Why Athletic Departments Need New Revenue Streams
- Scott Sondles
- May 28
- 3 min read
College athletic departments operate in a high-stakes environment where revenue is critical to sustaining operations, recruiting top talent, and maintaining competitive facilities. According to the NCAA, Division I athletics generated $15.8 billion in 2019, with football and men’s basketball driving the majority through media rights, ticket sales, and donor contributions. However, expenses often outpace revenues, with the median FBS program running deficits due to rising coaching salaries (averaging $3.5 million for head football coaches), facility investments, and recruiting costs. The House v. NCAA settlement, expected to be finalized in 2025, will add $20–23 million in annual athlete compensation costs, further straining budgets.

Traditional revenue streams—ticket sales, media rights, merchandise, and alumni donations—remain vital but are insufficient to meet these demands. For example, merchandise sales spike during championship seasons but are inconsistent, and donor contributions, while critical, often come with restrictions. Moreover, the nonprofit structure of most athletic departments incentivizes spending all revenue to maximize victories rather than building financial reserves, creating a “non-profit paradox” where expenses rise in lockstep with income. To address these challenges, departments must adopt innovative, business-oriented strategies, leveraging partnerships with private entities to unlock new revenue potential.
Strategies for Athletic Departments to Boost Revenue
Leverage Public-Private Partnerships (PPPs)
The University of Kentucky’s Champions Blue, LLC, a for-profit entity created in April 2025, exemplifies the power of PPPs. By transitioning its athletic department to an LLC, Kentucky can pursue real estate ventures, premium fan amenities, and flexible compensation models, generating revenue while protecting the university’s nonprofit status. Other departments can follow suit, partnering with private investors to develop mixed-use facilities, such as stadium-adjacent retail or hospitality spaces, which diversify income and stabilize revenue during economic downturns.

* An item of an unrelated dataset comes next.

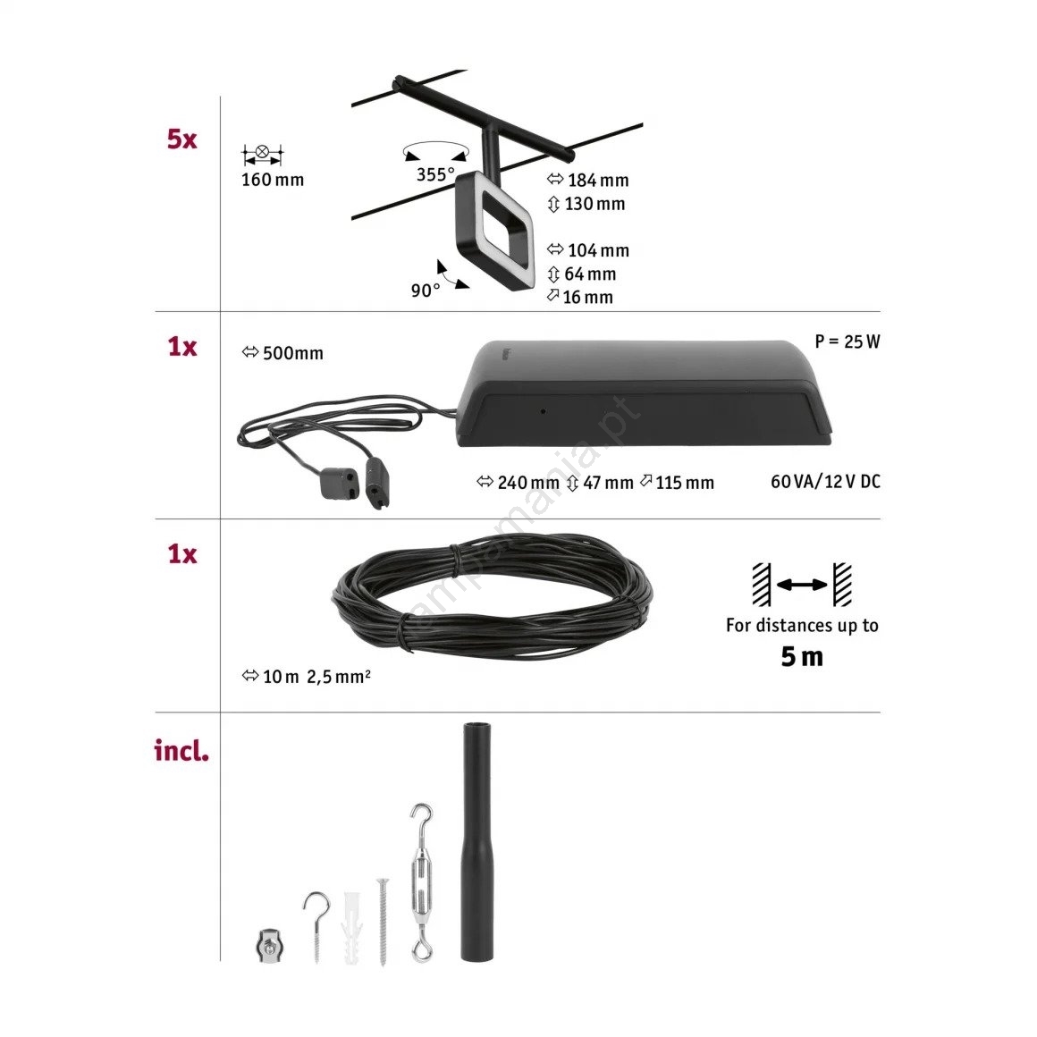 • Paulmann 94485 - CONJUNTO 5xLED/4,8W Foco para sistema de cable FRAME 230V negro

Optimize NIL Collectives for Recruitment and Retention
NIL collectives, with over 120 in existence, have become critical for recruiting and retaining talent by facilitating deals between athletes and third-party sponsors. Departments can enhance these collectives by partnering with businesses to fund NIL opportunities, ensuring compliance and maximizing athlete marketability. For instance, Texas Tech plans to allocate 74% of its $20.5 million revenue-sharing budget to football, demonstrating how collectives can prioritize high-impact sports while supporting others. By streamlining NIL operations, departments can attract top recruits, boosting team performance and fan engagement, which drive ticket and merchandise sales.

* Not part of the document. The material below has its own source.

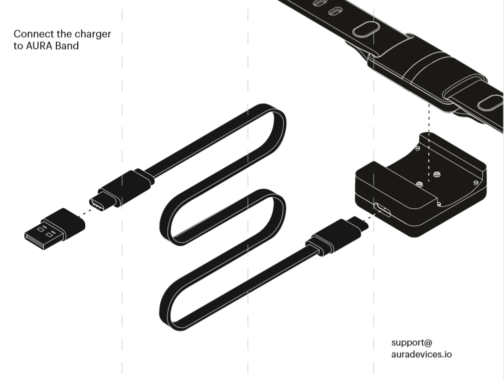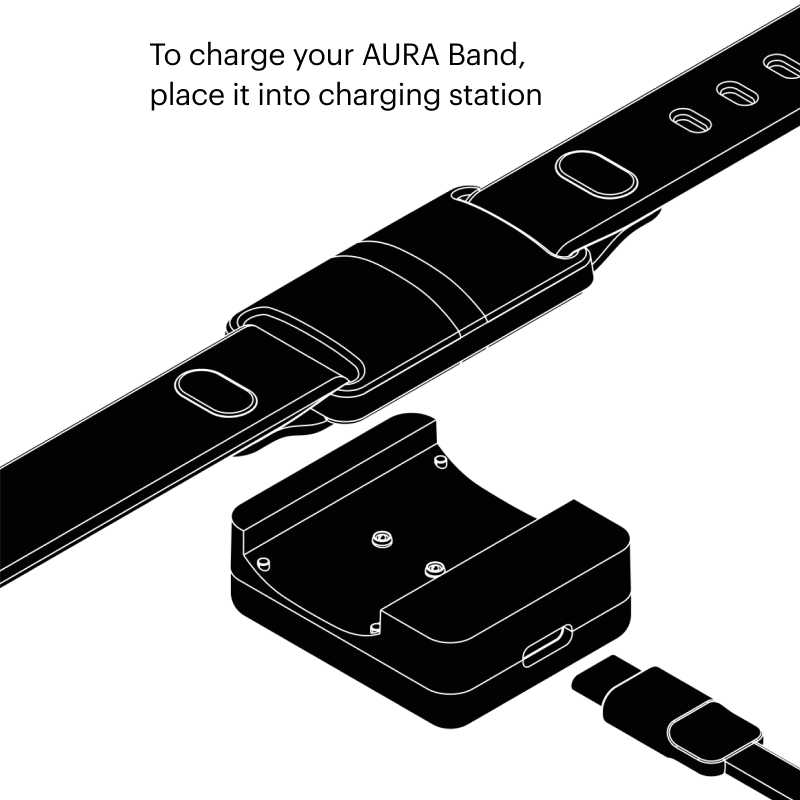 Warning! If the device is completely discharged, you must turn on your AURA Band by pin before charging.

Invest in State-of-the-Art Facilities
Athletic facilities are a top-five factor in recruiting decisions, with 67 Division I athletes at Bowling Green State University ranking them highly. Modernized venues attract elite talent, increase attendance, and enhance fan experiences through better seating, lighting, and amenities, driving ticket and concession revenue. Partnerships with firms like AECOM, which designed Arizona’s C.A.T.S. Academic Center, can optimize facility investments for both athletic and academic purposes, appealing to donors and sponsors.
Harness Data Analytics for Revenue Optimization
Data analytics can transform revenue generation by optimizing ticket pricing, enhancing sponsorship value, and informing recruiting strategies. For example, dynamic pricing models can maximize ticket sales during high-demand games, while analytics-driven sponsorship packages ensure brands see measurable returns. Departments can also use analytics to identify high-potential recruits, reducing recruiting costs and improving team performance, which boosts revenue through wins and fan loyalty.
Engage Private Equity and Corporate Investors
Private equity (PE) firms are increasingly eyeing college sports as untapped assets with significant revenue potential through media rights, sponsorships, and merchandising. Firms like Redbird Capital are exploring investments in athletic departments, viewing them as financial assets with valuable intellectual property and loyal fan bases. Departments can partner with PE firms to fund facility upgrades, NIL collectives, or media ventures, sharing profits while maintaining control over educational missions. Corporate sponsorships, like those in professional golf (e.g., Rolex, Nike), can also fund athlete services, enhancing recruitment and retention.